Misspecified model in periods of increasing infections
models <- list(
  generate_model(2L, 1L, 1L),
  generate_model(1L, 1L, 1L),
  generate_model(2L, 2L, 2L),
  generate_model(3L, 2L, 5L)
)

predictions <- models |>
  purrr::map(\(m) {
    get_prediction(model = m, psi = m$initialise_state_vector(incidence_data))
  }) |>
  purrr::reduce(rbind)


ggplot2::ggplot() +
  ggplot2::geom_point(
    data = incidence_data,
    ggplot2::aes(x = date, y = incidence),
    color = switch(
      source,
      "n_infected"        = "deepskyblue3",
      "n_positive_simple" = "orange",
      "n_positive"        = "seagreen"
    )
  ) +
  ggplot2::geom_line(
    data = predictions,
    ggplot2::aes(x = date, y = incidence_model, color = model_configuration),
    linewidth = 1.5
  ) +
  ggplot2::geom_vline(
    xintercept = models[[1]]$observables$last_queryable_date,
    linetype = 2,
    color = "black"
  ) +
  ggplot2::facet_grid(source ~ age_group, scales = "free") +
  ggplot2::labs(y = "Model output", color = "Model Configuration")

Using a misspecified model to initialise the SEIR model can match the true data well when infections are increasing.

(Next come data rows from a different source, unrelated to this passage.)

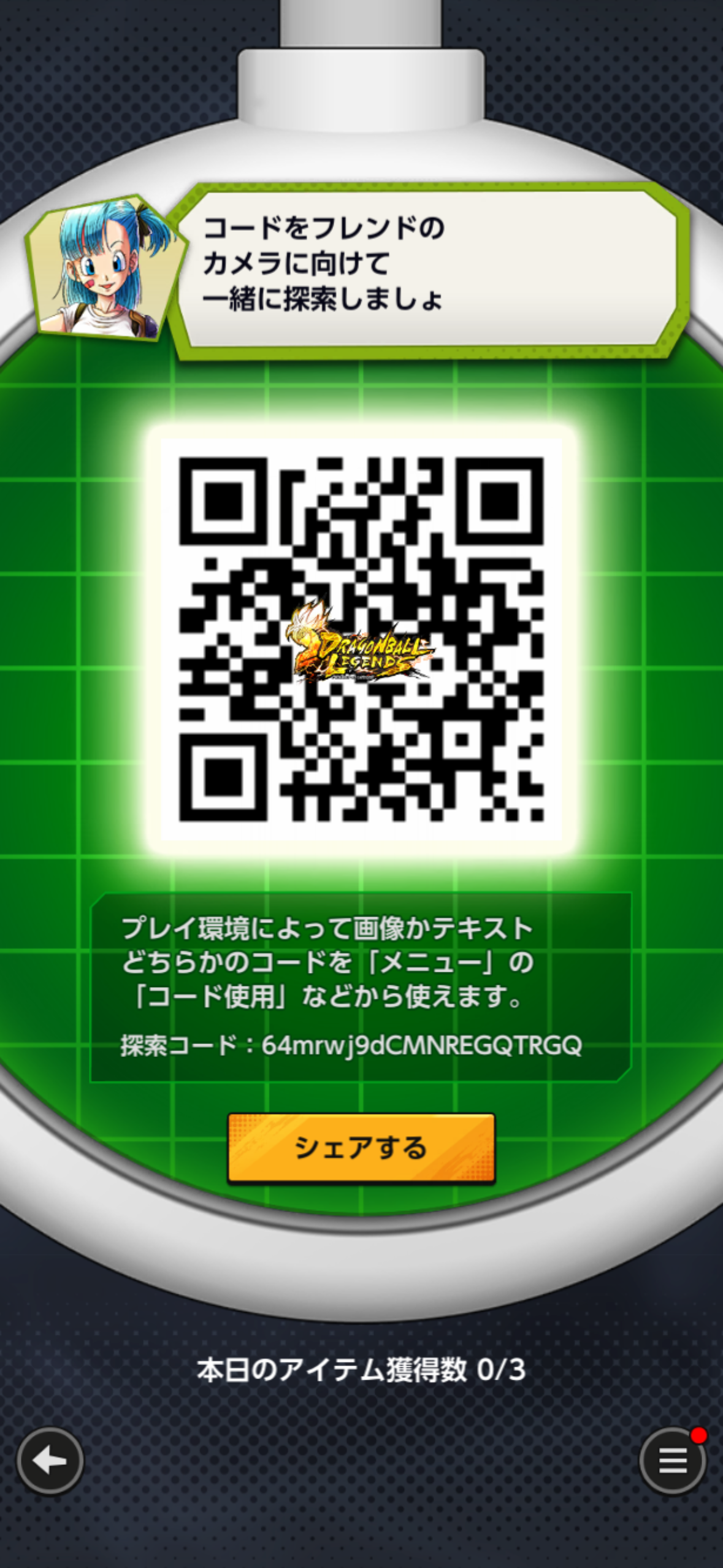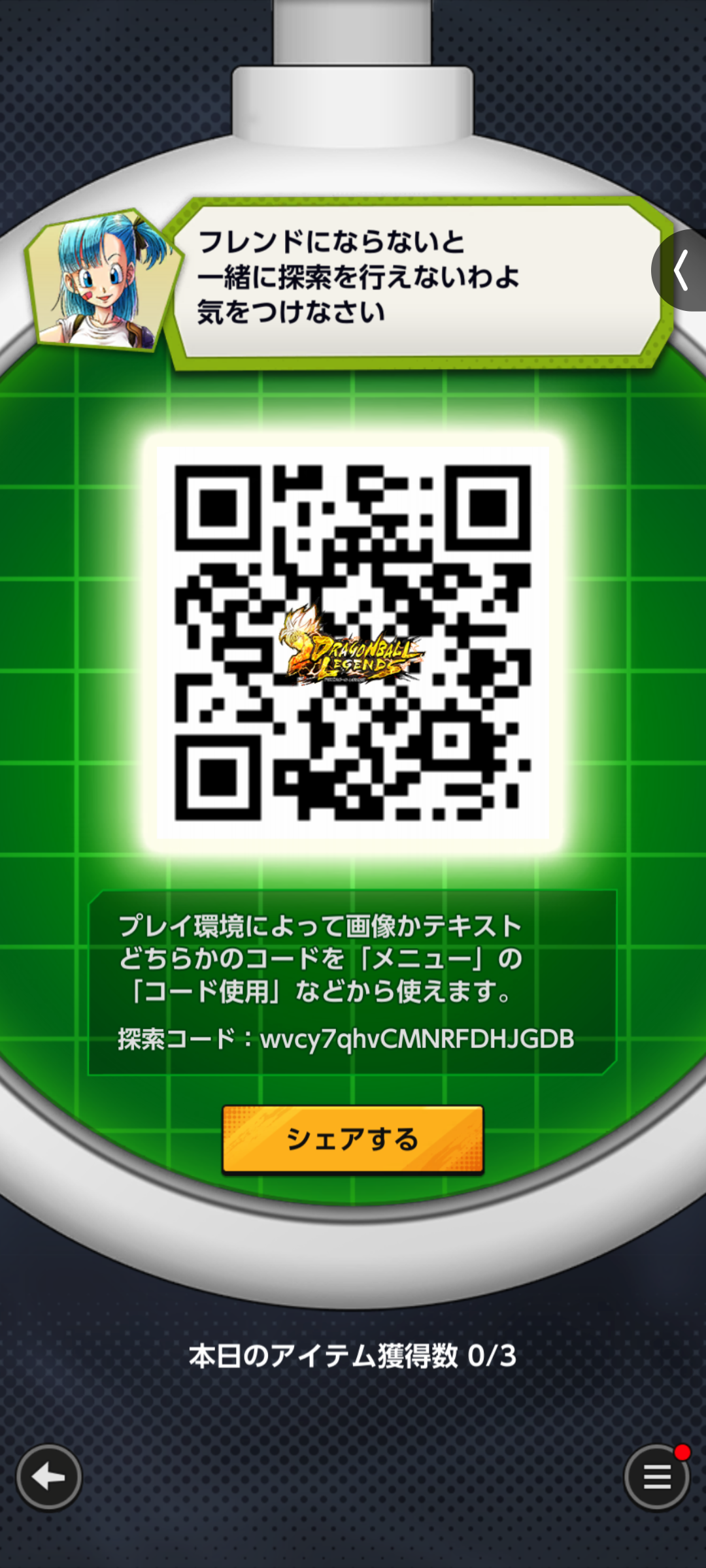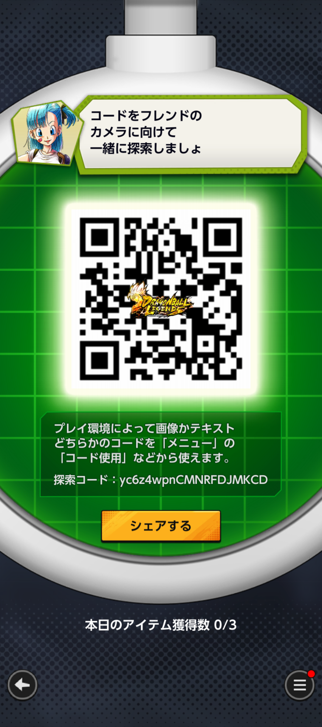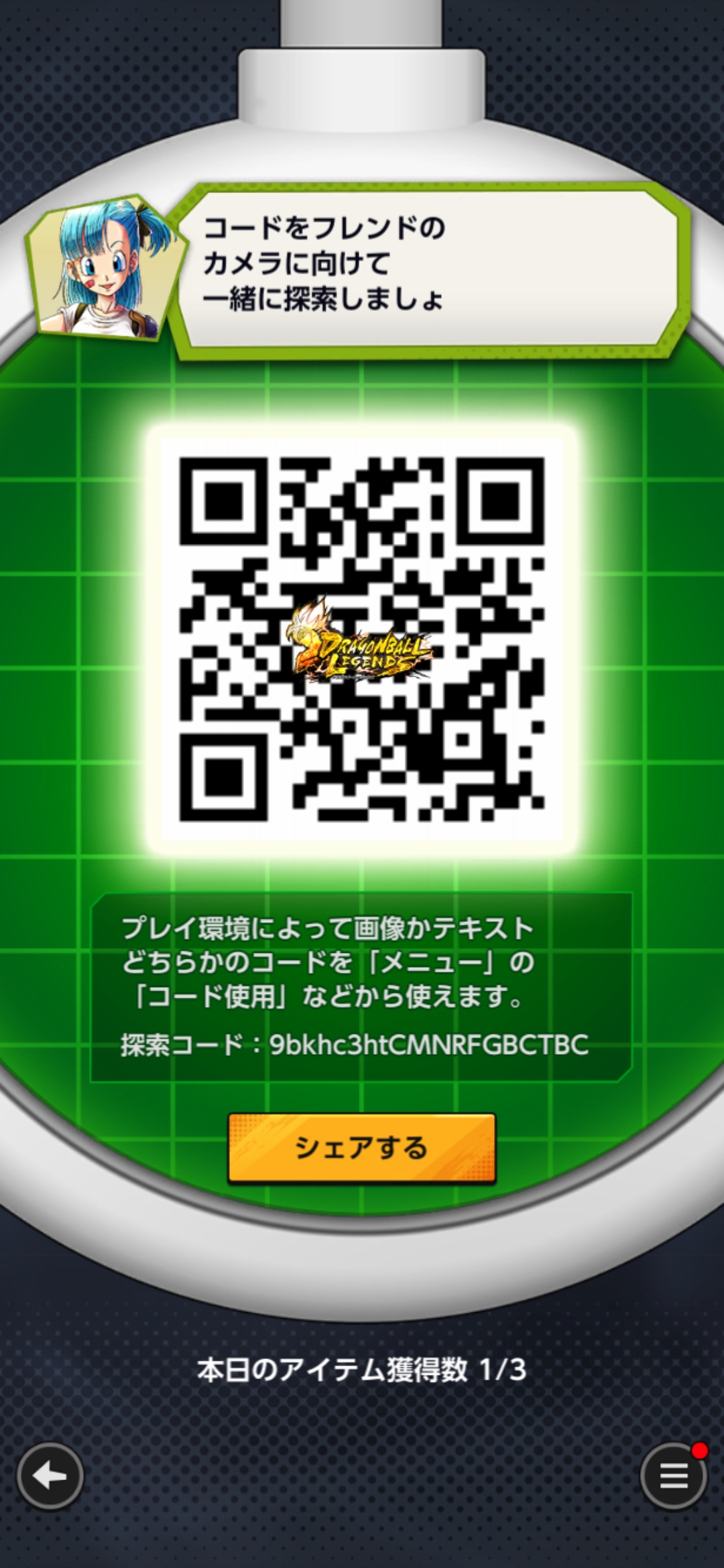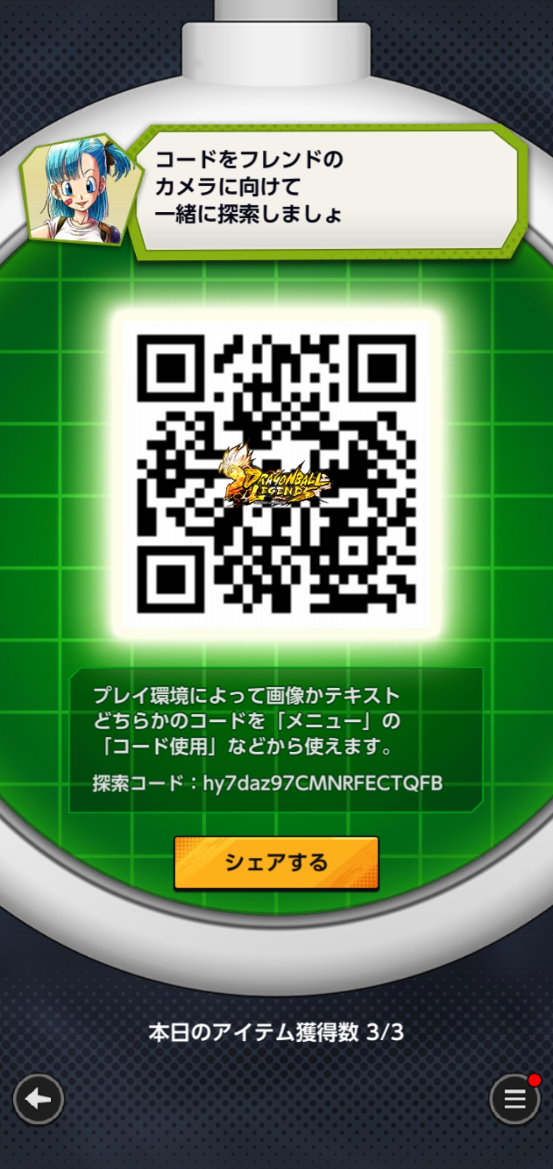 - フレンドのQRコードを読み込む事でドラゴンボールを探索できる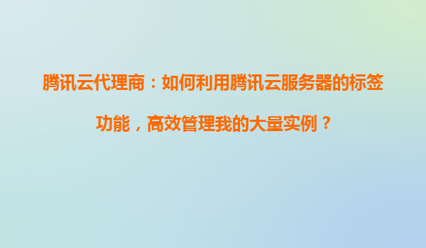 腾讯云代理商:如何利用腾讯云服务器的标签功能,高效管理我的大量实例? 一、腾讯云标签功能的优势与核心价值 腾讯云标签(Tag)功能是为企业级用户设计的资源分类工具,尤其适合代理商业场景下大规模实例的管理...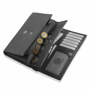 Zapięcie na zatrzask powoli z łatwością otwierać i zamykać portfel, a jego pojemne wnętrze z dużą ilością miejsca na karty zapewni Ci pełną organizację.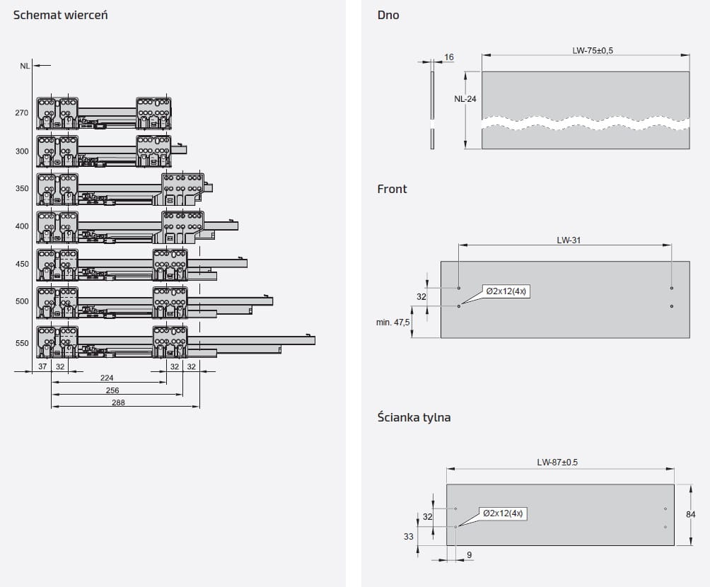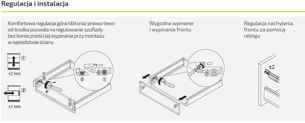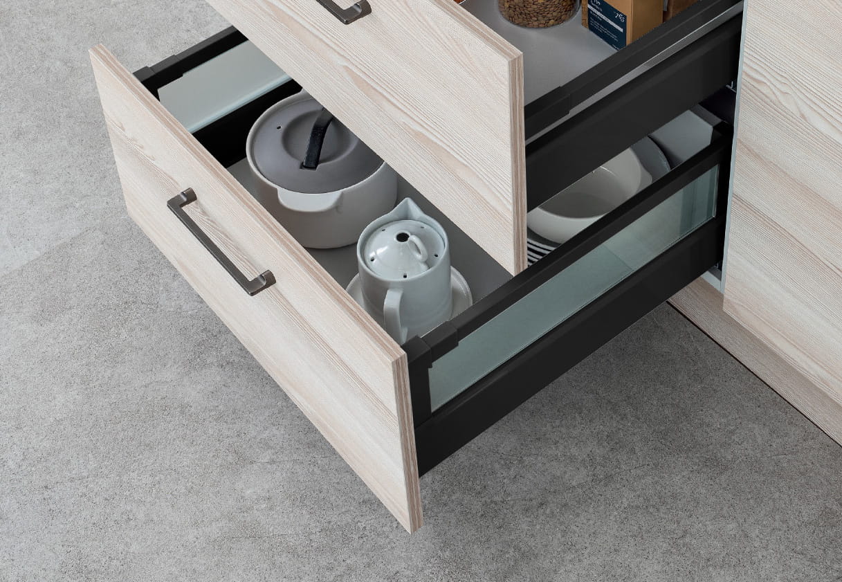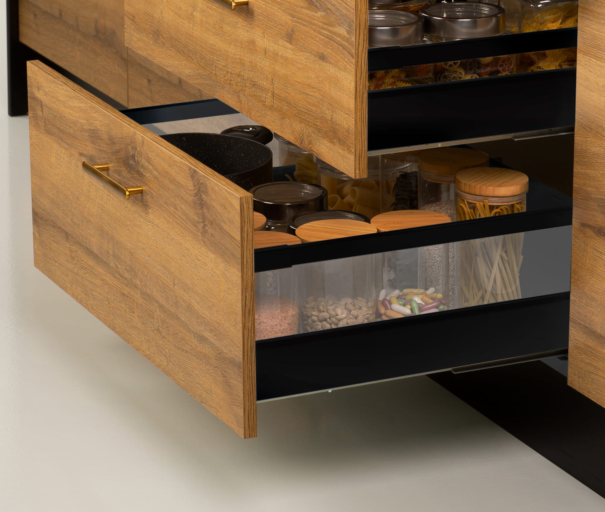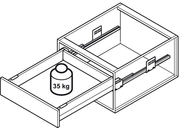 System boków szuflad matrix S35 zapewnia szybki montaż a zastosowany w prowadnicach precyzyjny system cichego domyku gwarantuje płynne i przyjemne użytkowanie szuflad. Wytrzymałe elementy i maksymalny udźwig szuflady 35kg sprawiają, że mogą być w niej przechowywane nawet ciężkie przedmioty - to wszystko przy zachowaniu płynności działania systemu.

Misspecified model in periods of decreasing infections

models <- list(
  generate_model(2L, 1L, 1L),
  generate_model(1L, 1L, 1L),
  generate_model(2L, 2L, 2L),
  generate_model(3L, 2L, 5L)
)

# Update the last queryable date to later starting point
purrr::walk(models, \(m) {
  m$observables$set_last_queryable_date(
    m$observables$ds$max_end_date - lubridate::days(45)
  )
})

predictions <- models |>
  purrr::map(\(m) {
    get_prediction(model = m, psi = m$initialise_state_vector(incidence_data))
  }) |>
  purrr::reduce(rbind)


ggplot2::ggplot() +
  ggplot2::geom_point(
    data = incidence_data,
    ggplot2::aes(x = date, y = incidence),
    color = switch(
      source,
      "n_infected"        = "deepskyblue3",
      "n_positive_simple" = "orange",
      "n_positive"        = "seagreen"
    )
  ) +
  ggplot2::geom_line(
    data = predictions,
    ggplot2::aes(x = date, y = incidence_model, color = model_configuration),
    linewidth = 1.5
  ) +
  ggplot2::geom_vline(
    xintercept = models[[1]]$observables$last_queryable_date,
    linetype = 2,
    color = "black"
  ) +
  ggplot2::facet_grid(source ~ age_group, scales = "free") +
  ggplot2::labs(y = "Model output", color = "Model Configuration")

Using a misspecified model to initialise the SEIR model can match the true data well when infections are decreasing.